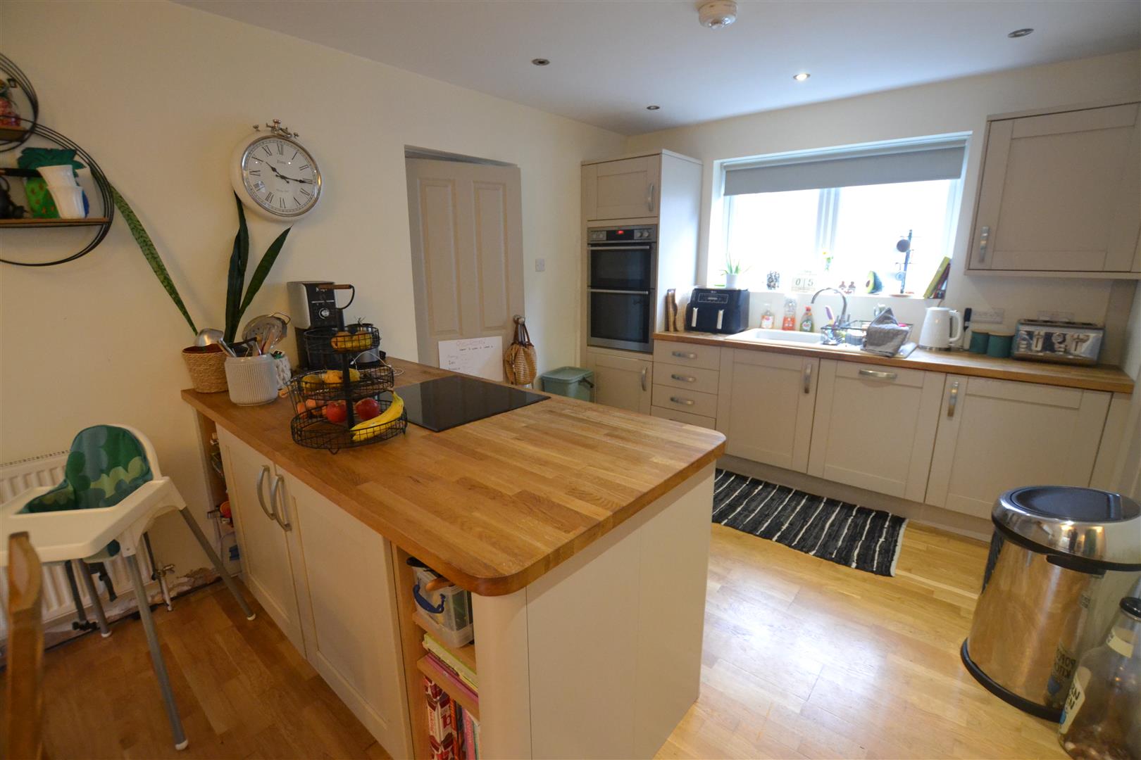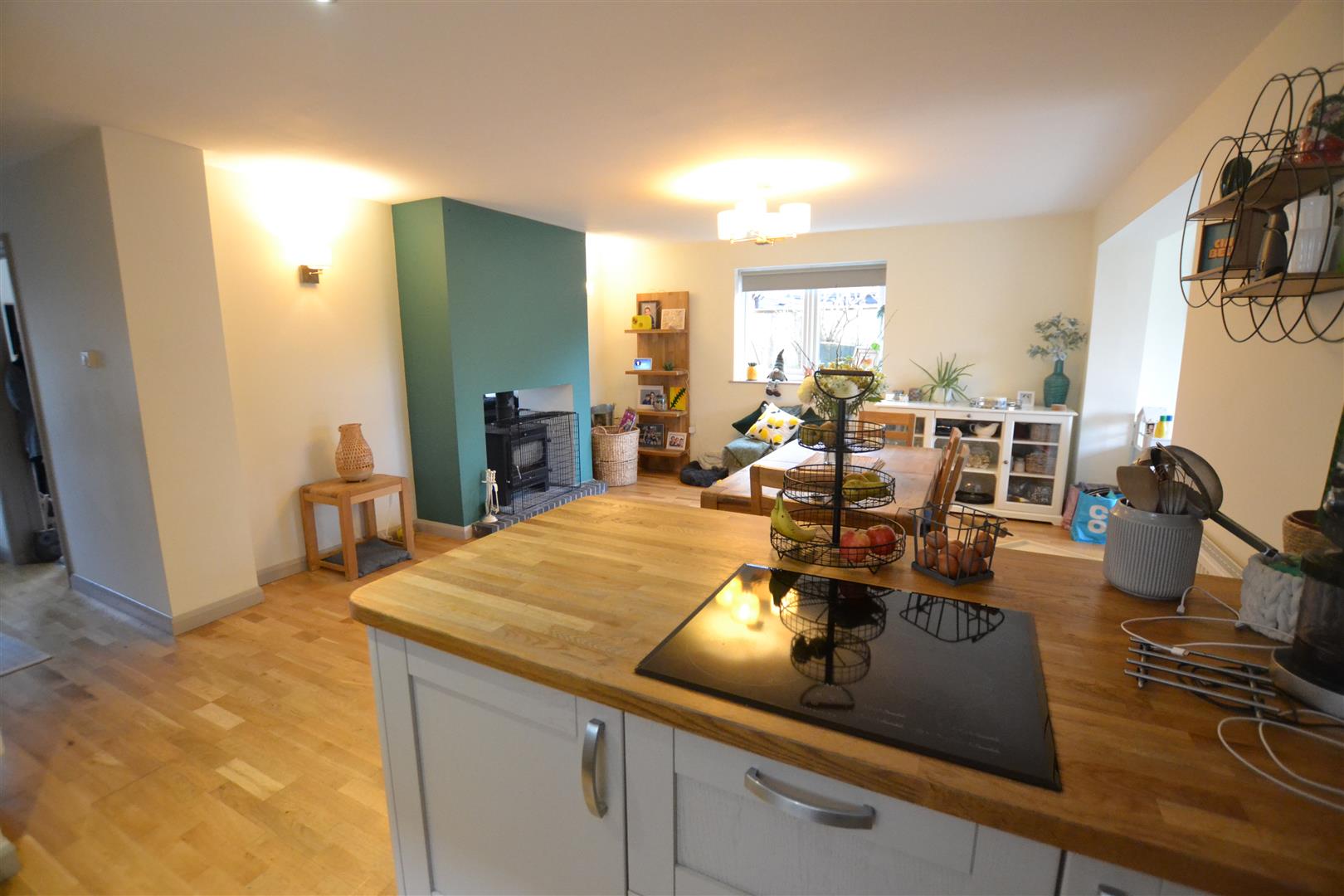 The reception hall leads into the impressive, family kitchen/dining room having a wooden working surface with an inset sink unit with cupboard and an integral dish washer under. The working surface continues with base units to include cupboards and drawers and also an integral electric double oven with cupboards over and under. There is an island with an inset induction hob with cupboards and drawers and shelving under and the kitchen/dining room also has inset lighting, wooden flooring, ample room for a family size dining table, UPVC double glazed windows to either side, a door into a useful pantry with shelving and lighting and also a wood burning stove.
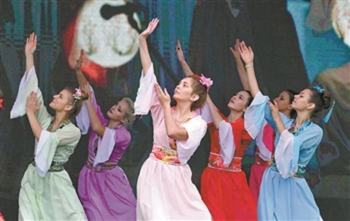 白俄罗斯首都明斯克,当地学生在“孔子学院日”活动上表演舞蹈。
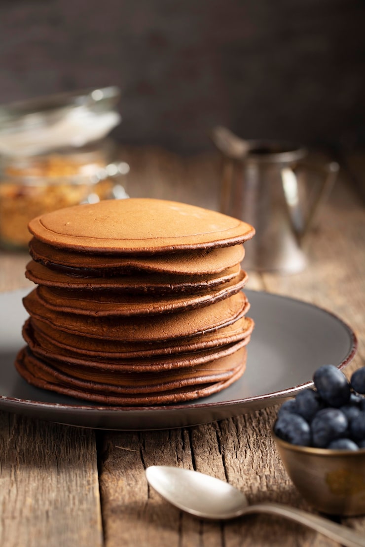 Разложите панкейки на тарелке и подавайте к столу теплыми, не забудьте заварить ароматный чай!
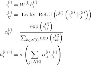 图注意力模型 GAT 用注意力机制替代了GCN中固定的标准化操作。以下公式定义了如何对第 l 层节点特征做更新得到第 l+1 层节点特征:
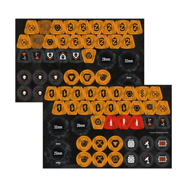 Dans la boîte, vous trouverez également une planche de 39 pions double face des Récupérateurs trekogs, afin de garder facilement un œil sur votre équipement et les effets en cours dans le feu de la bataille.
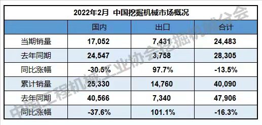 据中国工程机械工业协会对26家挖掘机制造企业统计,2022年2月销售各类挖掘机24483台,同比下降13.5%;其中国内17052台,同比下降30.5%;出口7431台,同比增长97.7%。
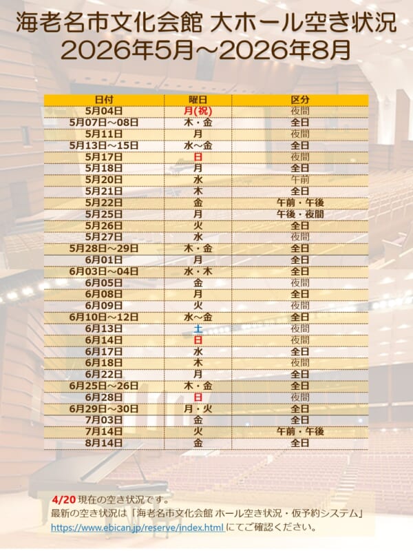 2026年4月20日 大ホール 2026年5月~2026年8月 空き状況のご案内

▸ Exercise instructions: Your reply should consist solely of the lines from the one containing "据中国工程机械工业协会对26" through the last line of the material, reproduced exactly and without pictures.

▸ Written solution:
 据中国工程机械工业协会对26家挖掘机制造企业统计,2022年2月销售各类挖掘机24483台,同比下降13.5%;其中国内17052台,同比下降30.5%;出口7431台,同比增长97.7%。
 2026年4月20日 大ホール 2026年5月~2026年8月 空き状況のご案内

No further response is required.